The development comes as creditors seeking to collect debts owed by Venezuela or state oil company PDVSA increasingly eye assets held outside of the United States, where the government is protecting from seizure the refiner Citgo Petroleum Corp.—the crown jewel of Venezuela's overseas assets.
Conoco is seeking to enforce an arbitral award from the International Chamber of Commerce over the South American country's 2007 expropriation of its assets.
It is among several companies aiming to seize Citgo shares, as well as PDVSA funds held in Portugal's Novo Banco.
The funds Conoco is targeting in Jamaica are debts that the island nation's government has not yet repaid to OPEC-member Venezuela for loans made under the largely-defunct Petrocaribe program, in which the PDVSA provided oil to Caribbean countries on generous credit terms.
A court on July 15 granted Conoco's request that a receiver be appointed to "collect and take control" of the funds" and distribute them to (Conoco) in satisfaction of the Award." It was not immediately clear when Conoco would receive the funds, which total around $115 million.
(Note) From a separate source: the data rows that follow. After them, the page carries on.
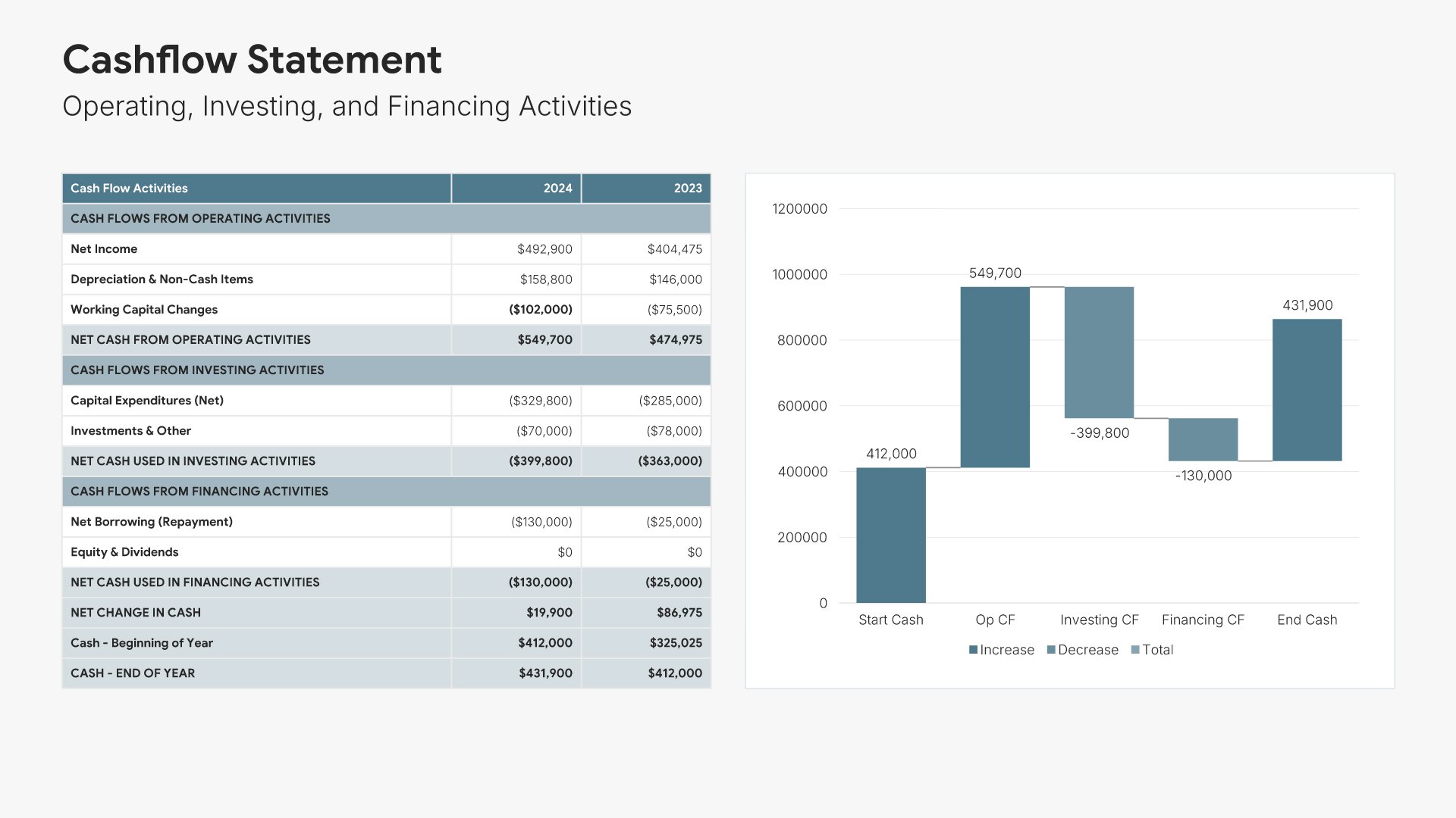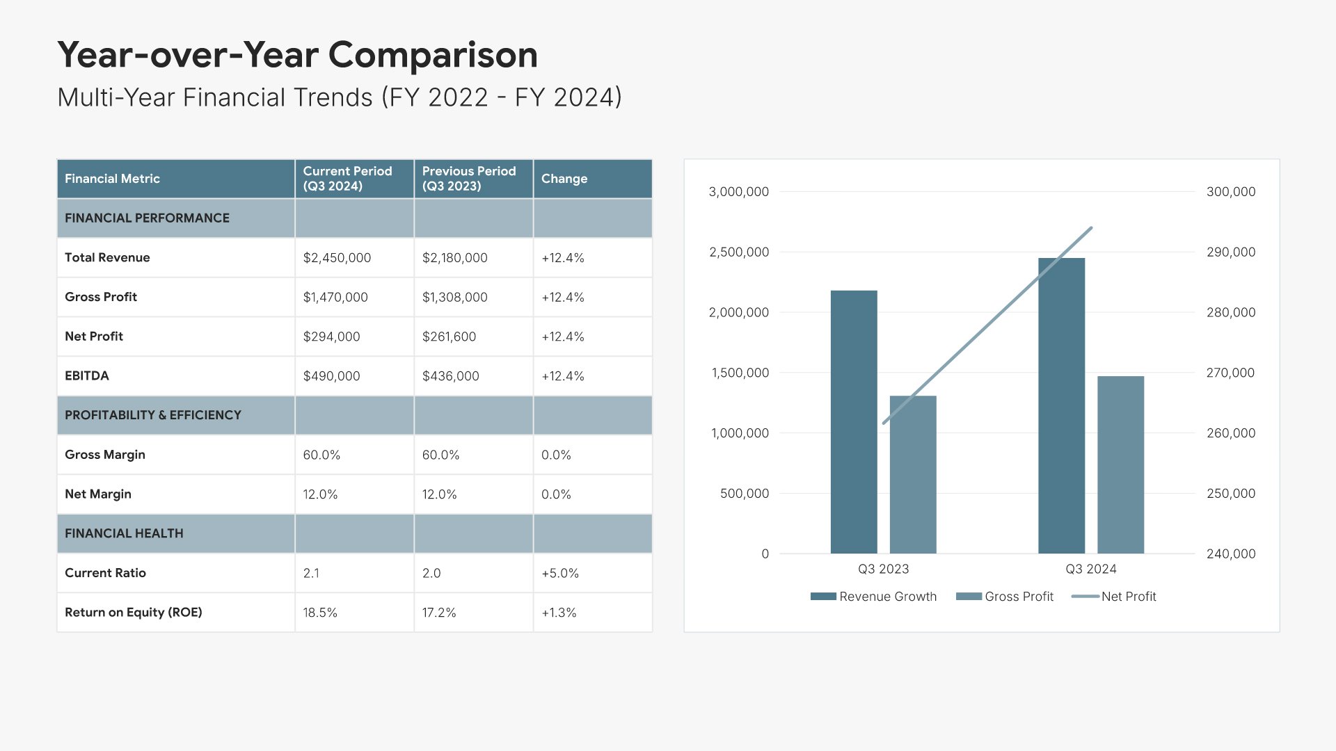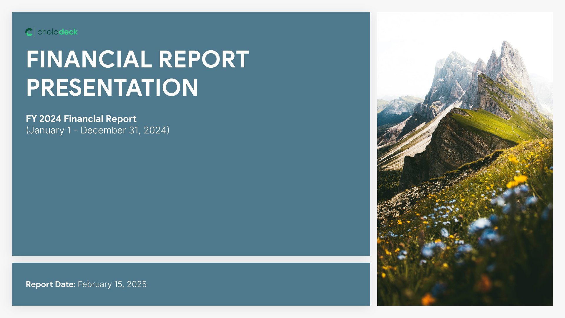 A comprehensive financial report template designed for organizations presenting annual or periodic financial results to stakeholders. Built on the Classic Financial Report framework, this presentation covers everything from income statements to cash flow analysis and future projections. Ideal for investor meetings and board presentations.
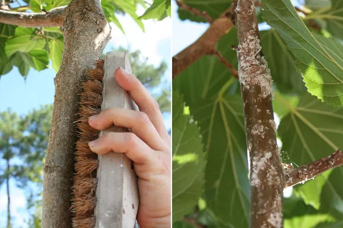 Шелковицу могут поражать несколько болезней, вредителей. Мучнистые червецы (войлочники) могут появиться на коре или под листьями во время жарких влажных весенних дней без особого вреда для дерева. Можно снять их щеткой с жесткой щетиной или опрыскать раствором жидкого хозяйственного мыла, растительного масла и спирта из расчета по 1 чайной ложке на 1 л воды. Повторяйте операцию каждый день в течение 1 недели.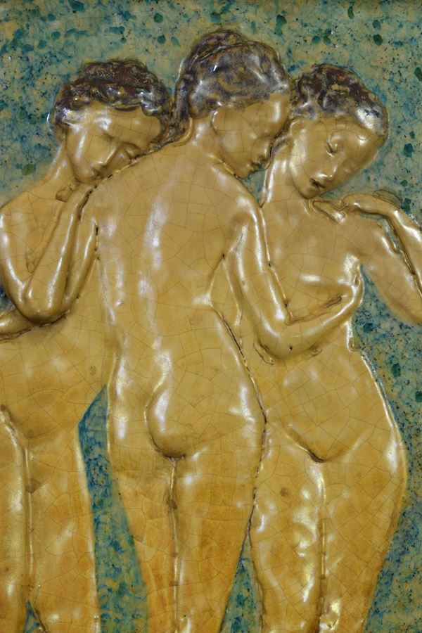 Pannello a rilievo in ceramica policroma smaltata opaco e a lustro raffiguranti "Le tre Grazie".

Jamaica's government said it is willing to pay Venezuela but has not been able to due to U.S. sanctions on PDVSA, the records show. The Jamaican government has in the meantime set aside the funds in an escrow account.
Conoco did not reply to a request for comment. Neither Jamaica's finance ministry nor its attorney general responded to questions from Reuters.
PDVSA and Venezuela's information ministry did not respond to requests for comment.
Shortly after winning the arbitration award in 2018, Conoco began seizing PDVSA products from the Isla refinery in Curacao. The two companies reached a payment agreement in August of that year, and Venezuela paid some of the money in cash and commodities before it defaulted again, according to Conoco.
As of March 31, Conoco had received approximately $754 million of the award and had resumed legal enforcement actions to try to collect the rest, a corporate filing shows.
To be sure, Jamaica's Petrocaribe debt amounts to a small portion of Venezuela's outstanding debt to Conoco.
But Washington is currently shielding Citgo as part of a bid to support the South American country's political opposition, which has controlled the company since 2019, leading to doubts about creditors' ability to attach the company's shares anytime soon.
"Every little bit helps, especially because there's not much going on in the United States," said Russ Dallen, managing partner of boutique investment bank Caracas Capital Markets.